##### PROVIDED INFORMATION

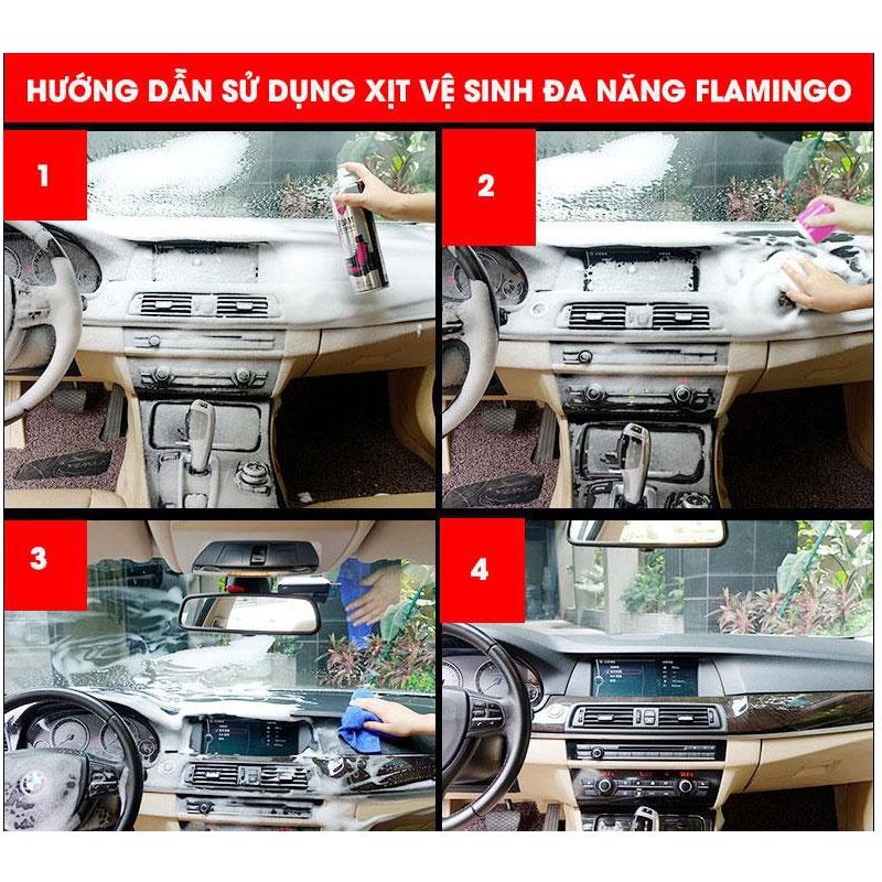 ✨Bình Xịt Bọt Vệ Sinh Ghế Da Nội Thất Ô Tô - Chai Xịt Bọt Vệ Sinh Flamingo Dung Tích 650ml CARZONE.TOP
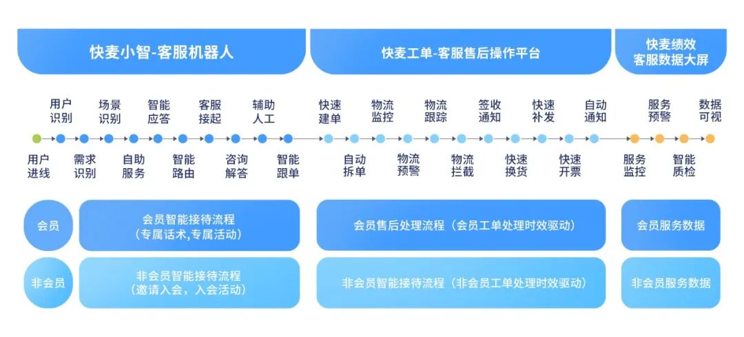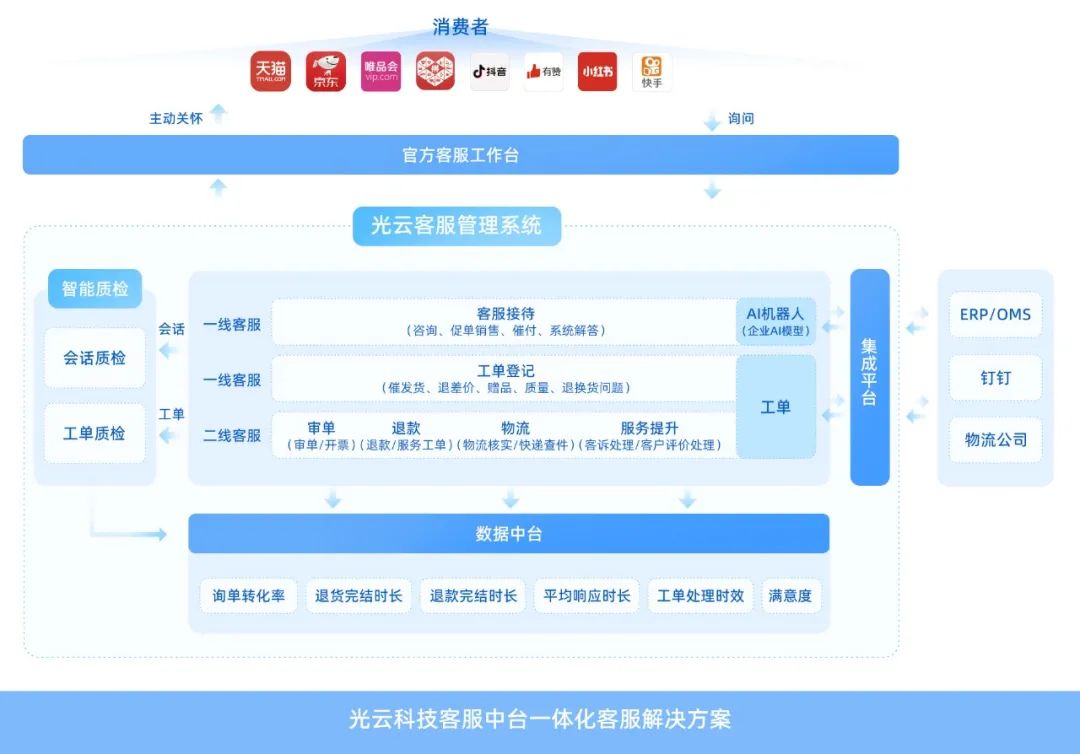 早在2015年,围绕电商客服的各类SaaS产品便层出不穷,企业早已围绕电商客服做了诸多部署,但是不同客服系统之间形成“烟囱式”布局在客服全链路上形成数据孤岛,企业在客服管理上遇到不少细节挑战:售前售后SOP难以协同执行;服务策略无法分人群贯穿执行;售后部门工作流涉及跨多个系统,信息孤岛难定位问题,用户问题解决时效性难以把控;以及信息孤岛导致售后客服涉及很多重复机械性从一个系统导数据到另一个系统的工作,繁琐且人效低。
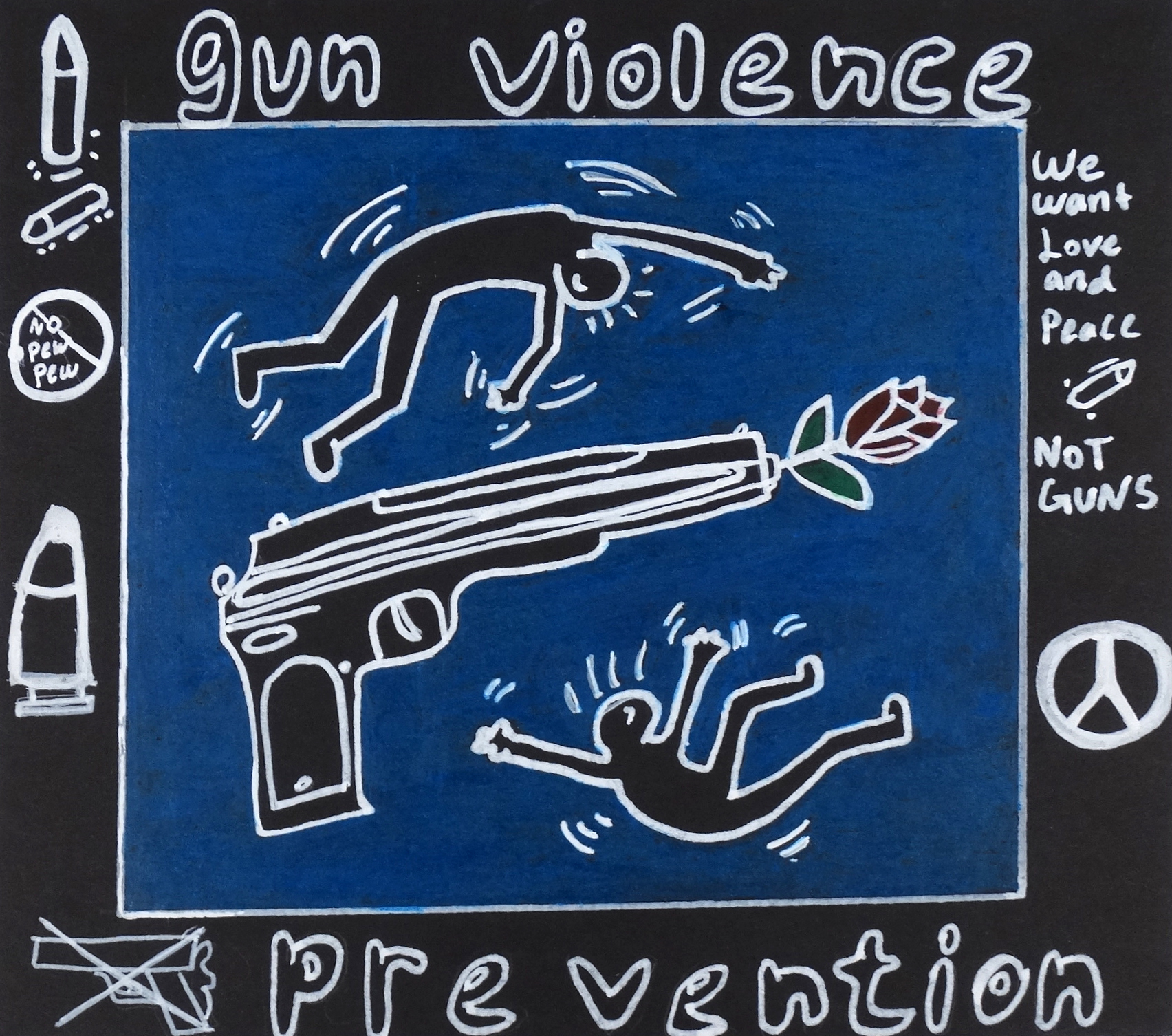 “Having learned about the graffiti style artwork of Keith Haring, and under the guidance of art teacher Steve Groh, students created a drawing in a similar style using symbolic imagery to communicate a message based on a social issue.”
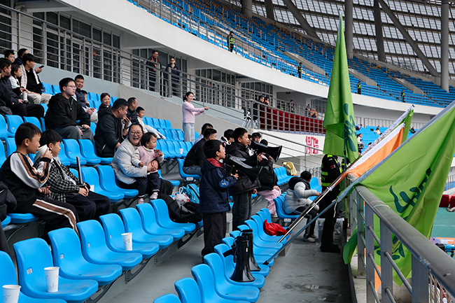 赛场上球员奋勇拼搏,看台上的球迷助威同样自成亮点。上半场比拼陷入白热化时,郭溪队支持者自发组织起助威阵营,鼓声阵阵中,球迷们齐声喊出加油口号,有节奏地振拳呐喊。更有4位小球迷手持喇叭,全程不间断地为球队呐喊鼓劲。炽热的支持让球员们备受鼓舞,获胜后他们第一时间走向看台,高举双手鼓掌向球迷们致谢,以真挚回应这份双向奔赴的热爱。“看到自家球队赢球,就像自己赢了一样!”小球迷林奕宏激动地说。
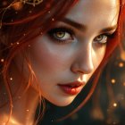 A stunning portrait of a young woman with flowing, wavy hair, adorned with delicate accessories. She has captivating eyes and a soft expression, set against a shimmering, warm background.
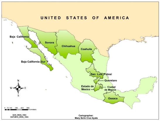 Climate change is projected to affect rainfall patterns in Mexico; in particular, the Northern and Northwest regions may be facing severe water scarcity all year round by the year 2040. Mexican researchers analyzed weather databases to project rainfall patterns and temperature for the next four decades [7]. The information obtained was merged with data of water availability for overexploited aquifers; the outcomes showed that in the Northwest, Northern, and Northeast regions, water availability would decline [7,8]. For the US–Mexico border region, the results obtained by US and Mexican scientists using several climate models, have shown “a continued high degree of annual precipitation variability” [9,10]. Regarding the temperature, average annual and seasonal temperatures, also nighttime temperature are projected to increase for the border US–Mexico region, the western Sonoran Desert, and the northern region of the Chihuahuan Desert [7]. The Working Group II Contribution to the IPCC Fifth Assessment Report pointed out that over North America, which includes Northwest Mexico, exhibit very likely increases in mean temperature [11].
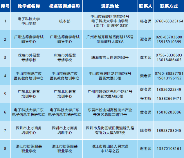 报名咨询地点:电子科技大学中山学院(南门西侧100米)明德楼103室

##########

WORK TASK:
Write out exactly the run of lines above that starts at the line containing "早在2015年,围绕电商客服" and ends at the line containing "A stunning portrait". Include both, and leave the pictures out.

PROBLEM SOLUTION:
 早在2015年,围绕电商客服的各类SaaS产品便层出不穷,企业早已围绕电商客服做了诸多部署,但是不同客服系统之间形成“烟囱式”布局在客服全链路上形成数据孤岛,企业在客服管理上遇到不少细节挑战:售前售后SOP难以协同执行;服务策略无法分人群贯穿执行;售后部门工作流涉及跨多个系统,信息孤岛难定位问题,用户问题解决时效性难以把控;以及信息孤岛导致售后客服涉及很多重复机械性从一个系统导数据到另一个系统的工作,繁琐且人效低。
 “Having learned about the graffiti style artwork of Keith Haring, and under the guidance of art teacher Steve Groh, students created a drawing in a similar style using symbolic imagery to communicate a message based on a social issue.”
 赛场上球员奋勇拼搏,看台上的球迷助威同样自成亮点。上半场比拼陷入白热化时,郭溪队支持者自发组织起助威阵营,鼓声阵阵中,球迷们齐声喊出加油口号,有节奏地振拳呐喊。更有4位小球迷手持喇叭,全程不间断地为球队呐喊鼓劲。炽热的支持让球员们备受鼓舞,获胜后他们第一时间走向看台,高举双手鼓掌向球迷们致谢,以真挚回应这份双向奔赴的热爱。“看到自家球队赢球,就像自己赢了一样!”小球迷林奕宏激动地说。
 A stunning portrait of a young woman with flowing, wavy hair, adorned with delicate accessories. She has captivating eyes and a soft expression, set against a shimmering, warm background.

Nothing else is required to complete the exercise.